World Service,16 Aug 2011,10 mins

Available for over a year

Dan Damon introduces personal insights, wit and analysis from BBC correspondents around the world. In this edition, Orla Guerin reflects on how the citizens of Misrata see their chances as the struggle against Gaddafi grinds on, while James Copnall sees evidence of wounded national pride at the Khartoum Derby in Sudan. When Gaddafi's army is only 30 minutes away Across Libya, the Middle East and beyond, there's been plenty of debate recently - is the government of Colonel Gaddafi reaching its last days, or not? Rebel forces are now fighting around the capital Tripoli, threatening the supply route to the West. There are daily rumours of talks between the government and the rebels, mediated by South Africa. But there have been developments like that before, of course, only for the fighting to go on. For the people of Misrata, that means further deadly bombardment - a continuing nightmare for the families living there, as Orla Guerin reports.

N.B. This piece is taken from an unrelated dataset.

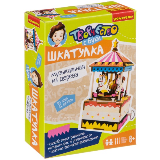 Набор BONDIBON ВВ4246 Творчество с Буки. 3D-пазл Музыкальная шкатулка КарусельМузыкальная шкатулка это маленькое чудо с двухсотлетней историей. Один поворот ключа - и звучит чудесная мелодия! Секрет спрятан внутри - звук рождает соприкосновение специальных зубчиков и тонких металлических пластин.Первая музыкальная шкатулка появилась в Швейцарии. В 1796 году часовой мастер Антуан Фавр изобрёл особый механизм, позволяющий воспроизводить мелодии. Необыкновенные вещицы очень быстро стали популярны, сохранившись и до нашего времени. Этот набор поможет ребенку смастерить настоящую музыкальную шкатулку! Собрав ее, Ваш юный механик получит не только волшебный музыкальный инструмент, но и красивое украшение своей комнаты!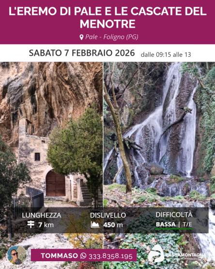 Proseguiremo poi fino a raggiungere le cascate del Menotre, formatesi proprio sotto lo sperone di roccia su cui poggia Pale, in un ambiente inaspettato e selvaggio.

Winners and losers in Sudan's race for power The separation of Southern Sudan from the North last month - after a referendum in which 99% of southerners said they'd had enought of unity with the North - has left the government in Khartoum with a morale problem. People in Sudan are nervous about what might happen next - will there be more war in the rest of the country, and could international sanctions push the economy into a dive? No wonder, as James Copnall reports from Khartoum, that the government decided to try to turn the annual Derby horse race into a platform for patriotism.